## Provided records
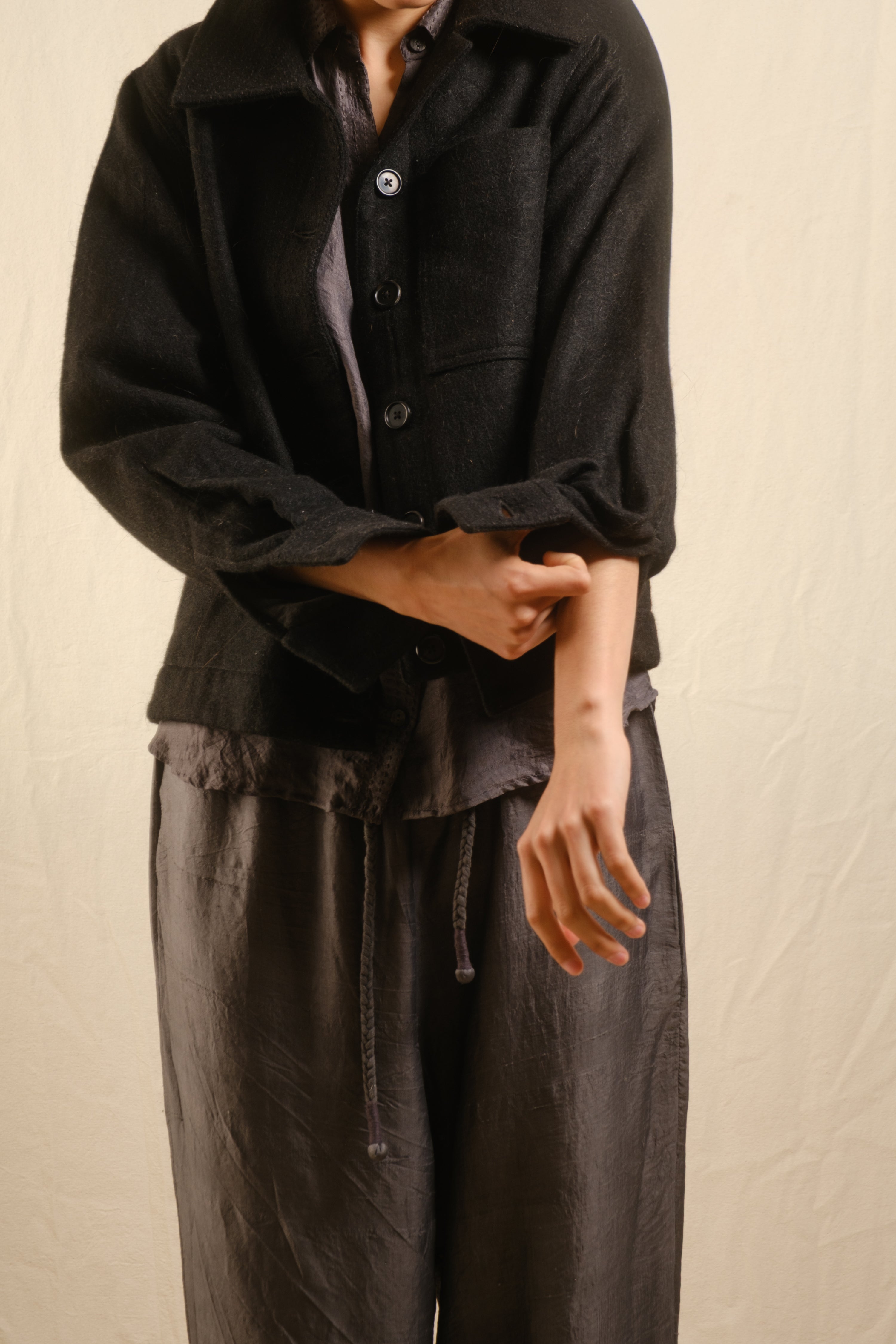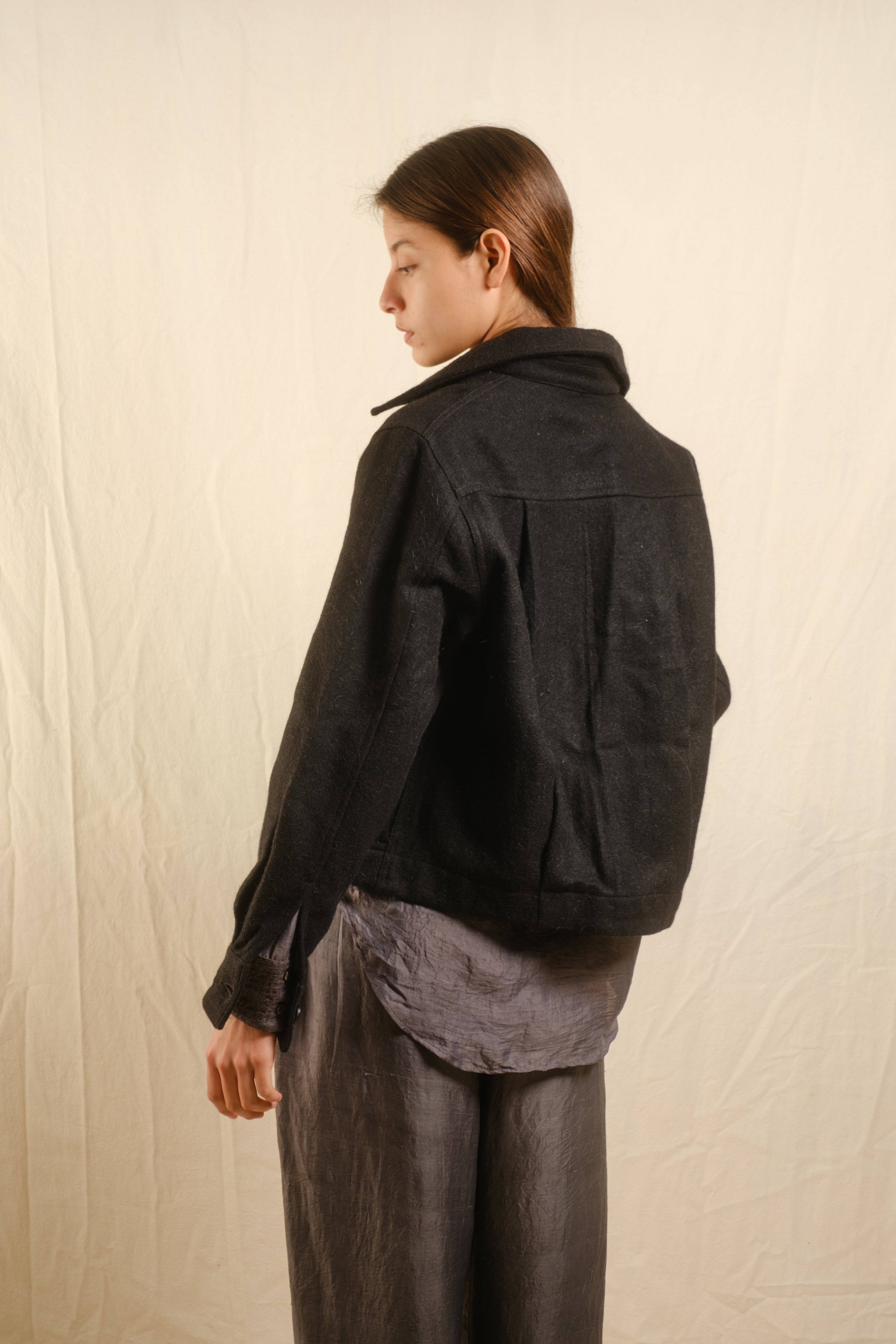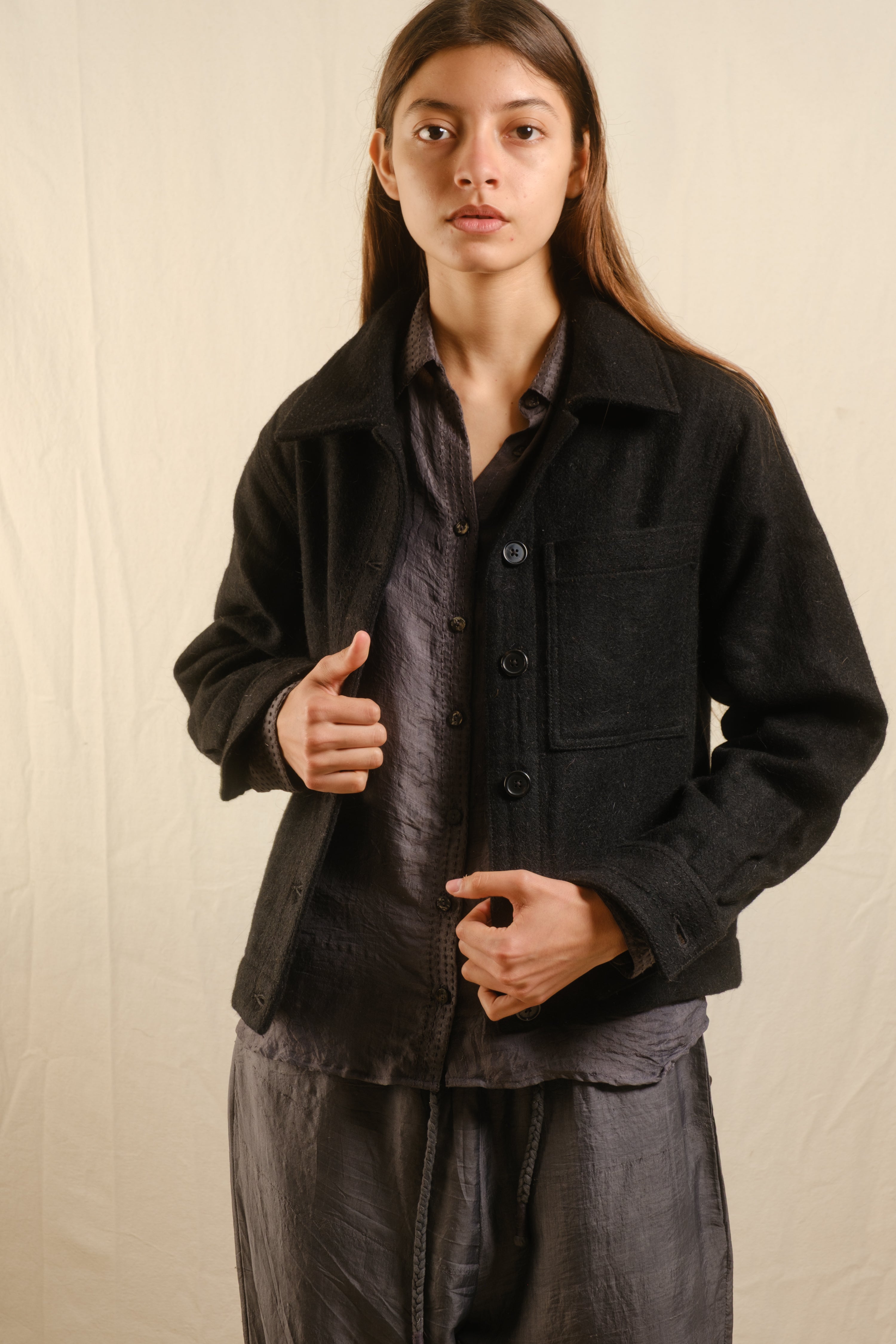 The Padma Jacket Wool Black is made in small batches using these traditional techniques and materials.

==

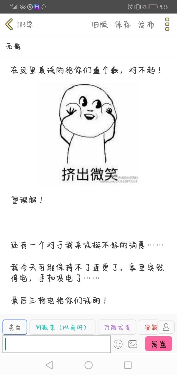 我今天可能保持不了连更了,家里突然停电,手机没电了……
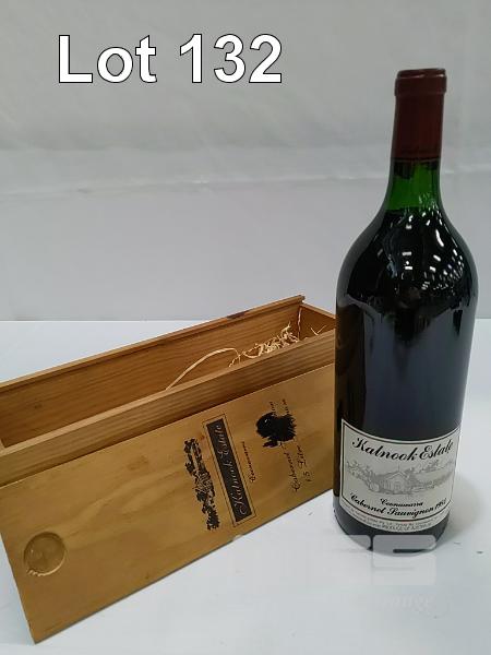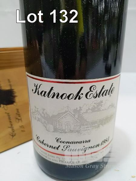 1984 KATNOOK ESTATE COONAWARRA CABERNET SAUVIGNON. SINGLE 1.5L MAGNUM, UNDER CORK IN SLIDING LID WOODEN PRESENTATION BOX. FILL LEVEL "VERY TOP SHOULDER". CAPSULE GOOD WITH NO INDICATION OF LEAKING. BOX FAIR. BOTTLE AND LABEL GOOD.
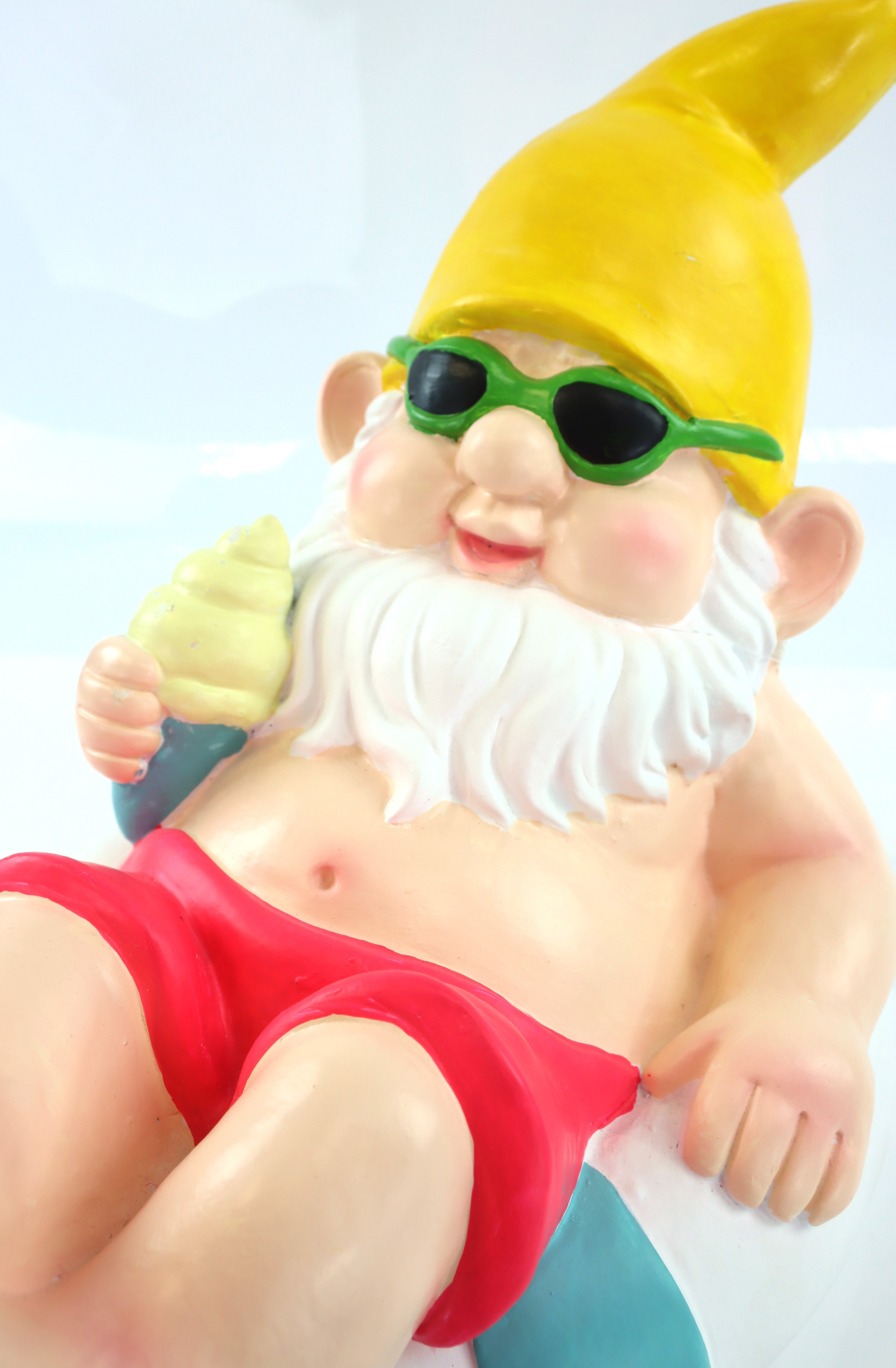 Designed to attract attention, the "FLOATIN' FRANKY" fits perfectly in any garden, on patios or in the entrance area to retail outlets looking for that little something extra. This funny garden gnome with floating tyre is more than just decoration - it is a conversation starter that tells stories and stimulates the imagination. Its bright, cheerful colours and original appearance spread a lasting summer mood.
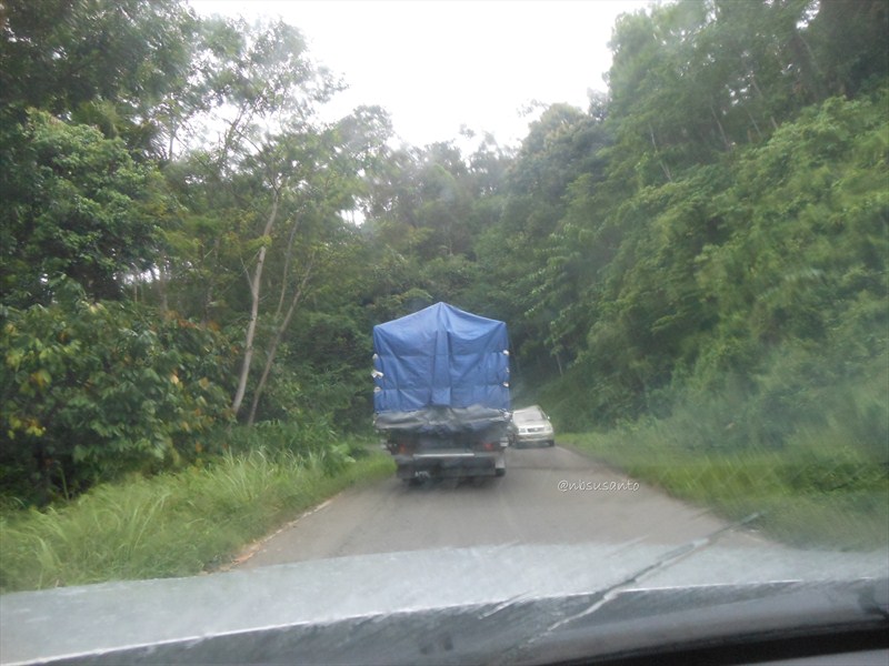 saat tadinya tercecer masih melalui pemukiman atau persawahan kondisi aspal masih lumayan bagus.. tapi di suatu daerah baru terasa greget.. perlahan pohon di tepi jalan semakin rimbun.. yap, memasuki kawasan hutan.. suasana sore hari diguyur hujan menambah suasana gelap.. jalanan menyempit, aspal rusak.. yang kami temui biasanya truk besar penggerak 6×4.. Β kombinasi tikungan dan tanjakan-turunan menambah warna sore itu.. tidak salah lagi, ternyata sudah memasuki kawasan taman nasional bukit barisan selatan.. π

## Task to complete
Print, word for word, the lines above that run from the line containing "Designed to attract" to the line containing "saat tadinya tercecer", both included. Keep the pictures out.

## Expected answer
 Designed to attract attention, the "FLOATIN' FRANKY" fits perfectly in any garden, on patios or in the entrance area to retail outlets looking for that little something extra. This funny garden gnome with floating tyre is more than just decoration - it is a conversation starter that tells stories and stimulates the imagination. Its bright, cheerful colours and original appearance spread a lasting summer mood.
 saat tadinya tercecer masih melalui pemukiman atau persawahan kondisi aspal masih lumayan bagus.. tapi di suatu daerah baru terasa greget.. perlahan pohon di tepi jalan semakin rimbun.. yap, memasuki kawasan hutan.. suasana sore hari diguyur hujan menambah suasana gelap.. jalanan menyempit, aspal rusak.. yang kami temui biasanya truk besar penggerak 6×4.. Β kombinasi tikungan dan tanjakan-turunan menambah warna sore itu.. tidak salah lagi, ternyata sudah memasuki kawasan taman nasional bukit barisan selatan.. π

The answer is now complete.